What the task asks:
The answer must be an exact copy of the lines from the one containing "les deux sens)." through the end of the records, with the pictures left out.

%%

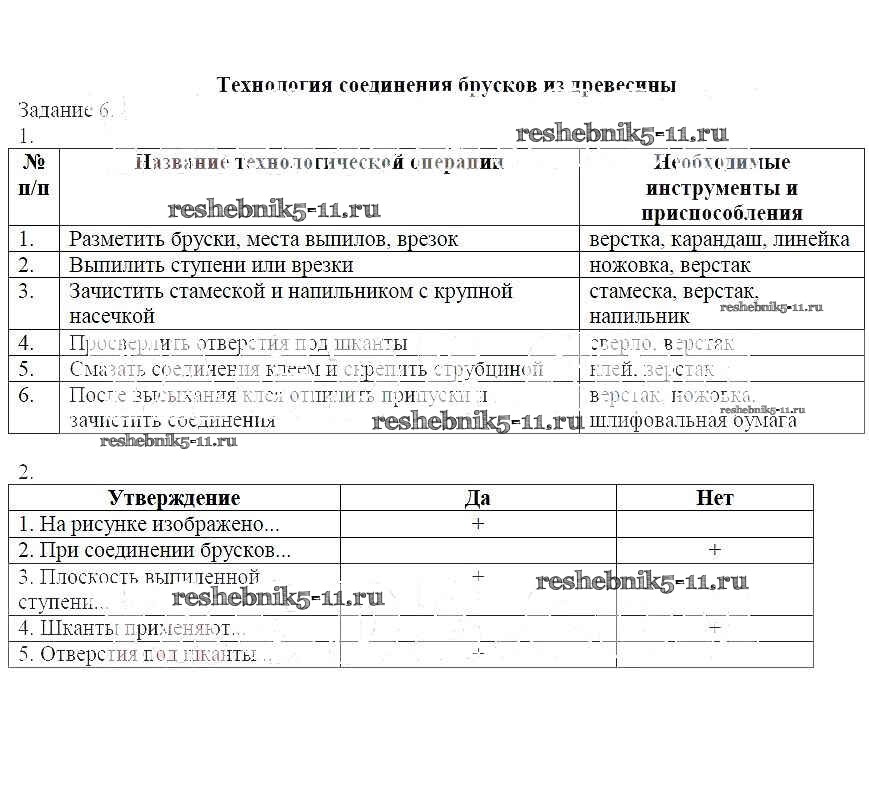 Готовая домашняя работа с ответами по Технологии за 6 класс Тищенко, Буглаева Рабочая тетрадь Алгоритм успеха Вентана-граф 2019 ФГОС - Технологии ручной и машинной обработки древесины и древесных материалов 6
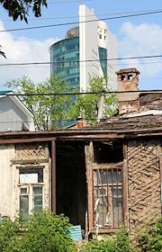 Виды Донецка. Старый дом на фоне небоскреба Green plaza.
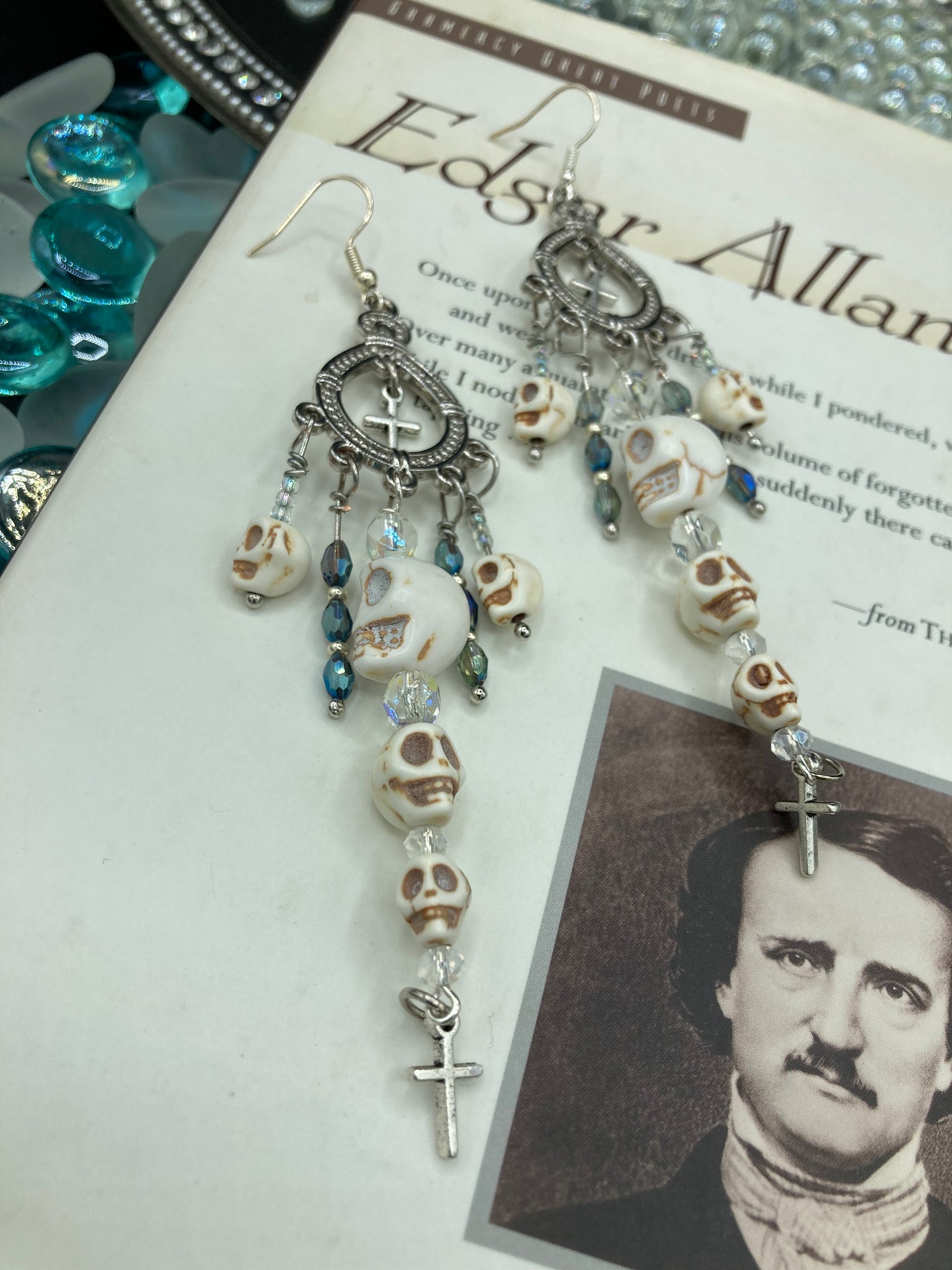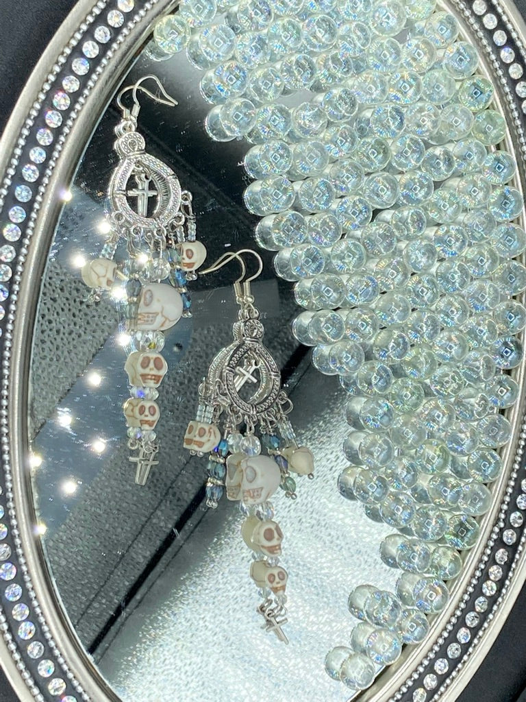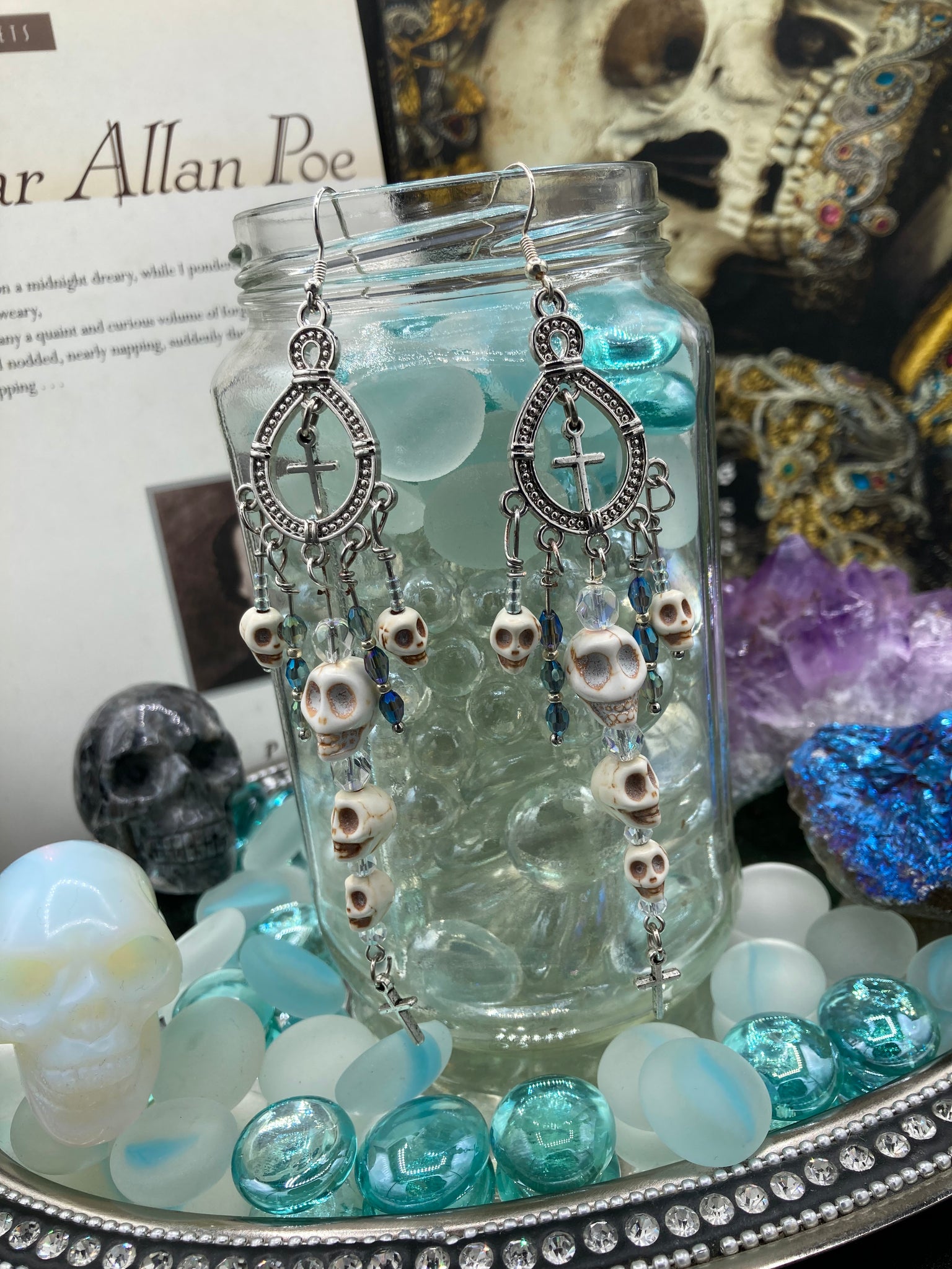 Large Chandelier Style Earrings Howlite Skull Beads Silver Plated Crosses. Ultimate Chingona, Cabrona, Latina Chicana, Goth, Vampire Goth, Dark Witchy Style. You can dress these up or down, it will definitely give your outfit a unique look. Cascade of dangling skulls and crosses have plenty of fun movement.
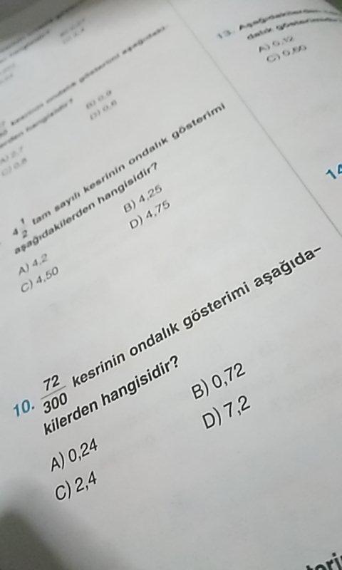 tam sayı kesrinin ondalik gösterimi aşağıdakilerden hangisidir? B) 4,25 D) 4,75 C) 4,50 10. 300 D) 7,2 10.72 kesrinin ondalık gösterimi aşağıda- kilerden hangisidir? A) 0,24 B) 0,72 C) 2,4
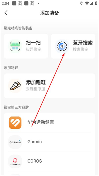 3、在添加装备页面选择蓝牙搜索,进入蓝牙搜索绑定页面。
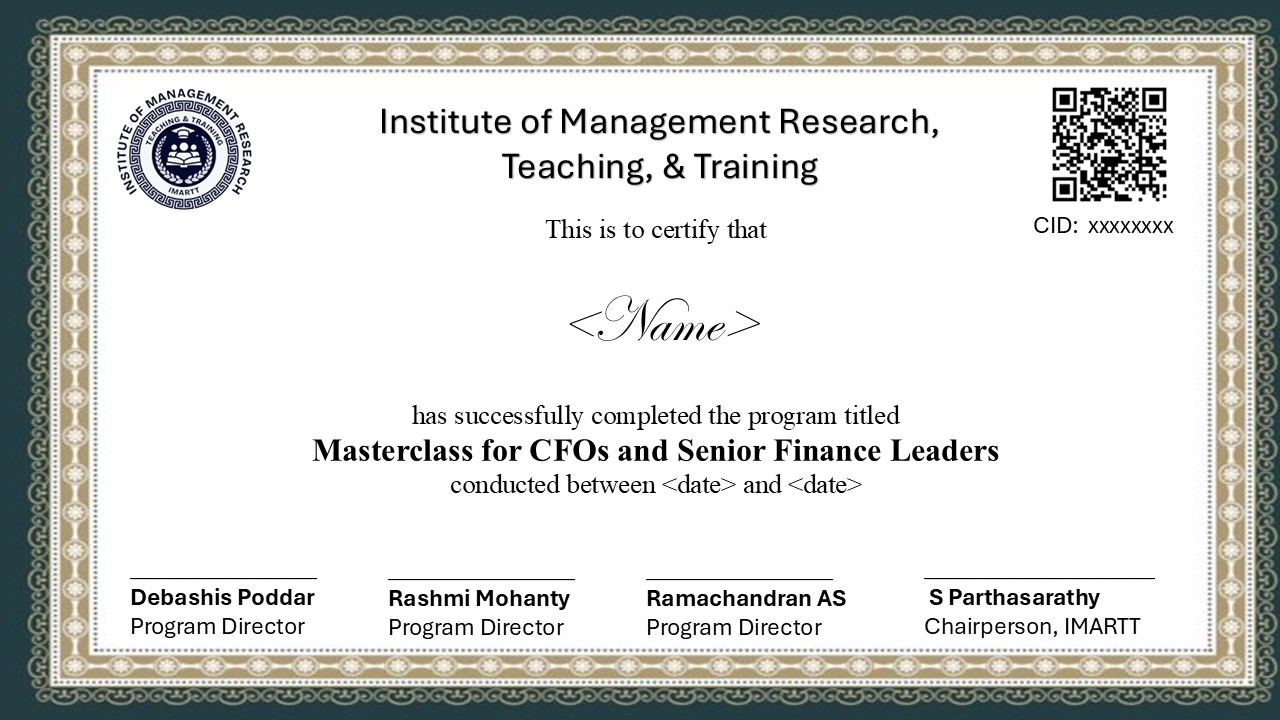 The Masterclass integrates M&A and portfolio decisions, strategic financial planning, treasury and liquidity management, enterprise risk, and ESG-linked value creation equipping finance leaders to act as trusted advisors to CEOs, boards, investors, and regulators. The emphasis is on judgment, trade-offs, and executive influence, not tools alone.
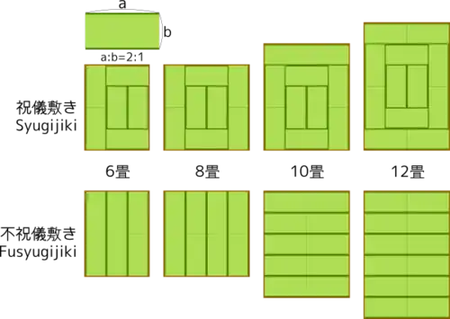 Les tatamis « traditionnels » vendus dans les magasins occidentaux présentent généralement des dimensions de 70/80/90 × 200 cm, non-conformes au rapport 1:2. Il est donc impossible avec ces tatamis d'adopter une disposition shūgijiki (disposition dans les deux sens).
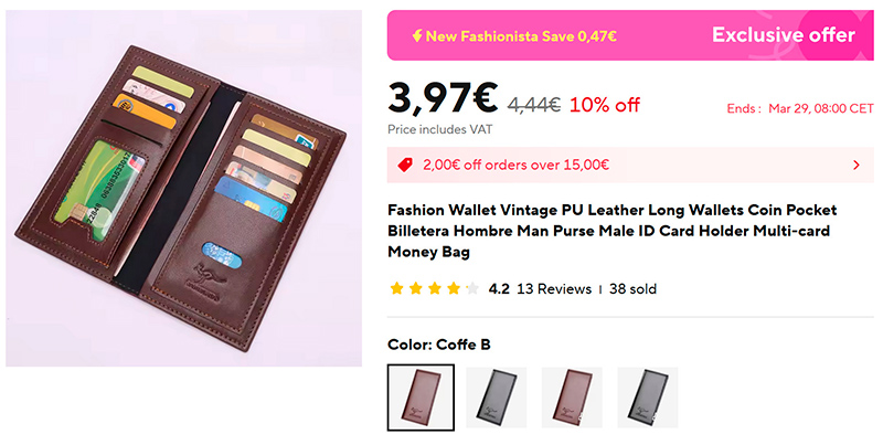 Полноразмерный (купюры помещаются без складывания) кошелек из искусственной кожи (ссылка для РФ) с прозрачным отделением для ID, кучей отделений для пластиковых карт и двумя отделениями для купюр. Два цвета, два варианта оформления. Продавец утверждает, что в таком кошельке купюры имеют обыкновение размножаться.
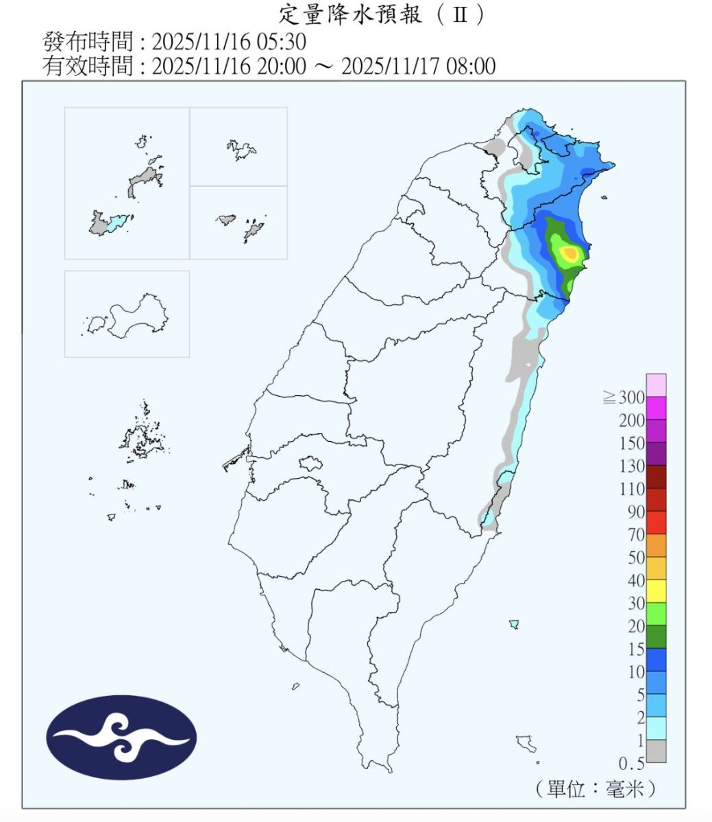 最新溫度預測顯示,週二、週三中部以北及宜蘭低溫約落在 15 至 16 度,花東、南部及澎湖則在 18 至 20 度之間。白天高溫方面,北部與宜蘭預估僅 18 至 20 度,中南部及花東則維持在 22 至 29 度。
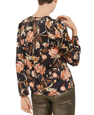 INC International Concepts Women's Floral Print Puff Sleeve Top Black Size Medium
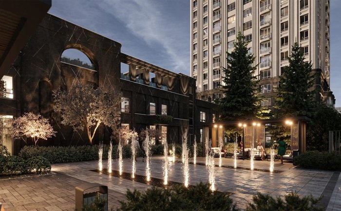 Закрытая внутренняя территория с фонтаном, зонами отдыха для взрослых и современными детскими площадками. Здесь спокойствие встречается с комфортом
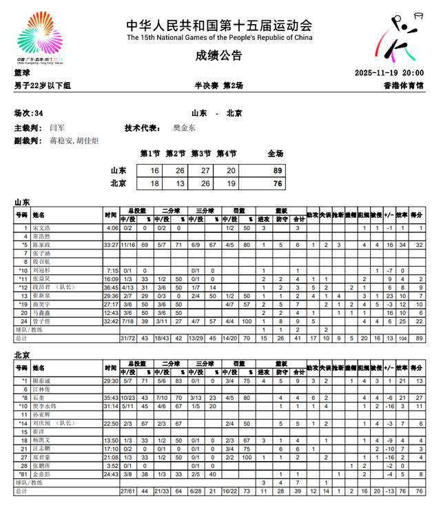 北京时间11月19日,2025年第十五届全运会U22男篮最后一场半决赛打响,山东U22男篮以89-76大胜北京队,顺利打进决赛,与东道主广东队会师。陈家政爆发,独砍32分6篮板,管子煜22分9篮板5助攻。巩晓彬想要夺冠,难啊。
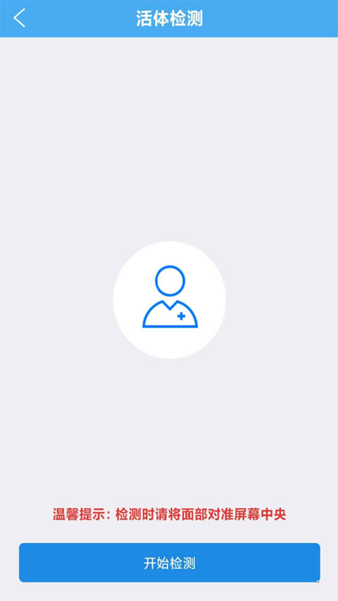 5、将面部对准屏幕中央后点击“开始检测”;

%%

Answer area:
 Les tatamis « traditionnels » vendus dans les magasins occidentaux présentent généralement des dimensions de 70/80/90 × 200 cm, non-conformes au rapport 1:2. Il est donc impossible avec ces tatamis d'adopter une disposition shūgijiki (disposition dans les deux sens).
 Полноразмерный (купюры помещаются без складывания) кошелек из искусственной кожи (ссылка для РФ) с прозрачным отделением для ID, кучей отделений для пластиковых карт и двумя отделениями для купюр. Два цвета, два варианта оформления. Продавец утверждает, что в таком кошельке купюры имеют обыкновение размножаться.
 最新溫度預測顯示,週二、週三中部以北及宜蘭低溫約落在 15 至 16 度,花東、南部及澎湖則在 18 至 20 度之間。白天高溫方面,北部與宜蘭預估僅 18 至 20 度,中南部及花東則維持在 22 至 29 度。
 INC International Concepts Women's Floral Print Puff Sleeve Top Black Size Medium
 Закрытая внутренняя территория с фонтаном, зонами отдыха для взрослых и современными детскими площадками. Здесь спокойствие встречается с комфортом
 北京时间11月19日,2025年第十五届全运会U22男篮最后一场半决赛打响,山东U22男篮以89-76大胜北京队,顺利打进决赛,与东道主广东队会师。陈家政爆发,独砍32分6篮板,管子煜22分9篮板5助攻。巩晓彬想要夺冠,难啊。
 5、将面部对准屏幕中央后点击“开始检测”;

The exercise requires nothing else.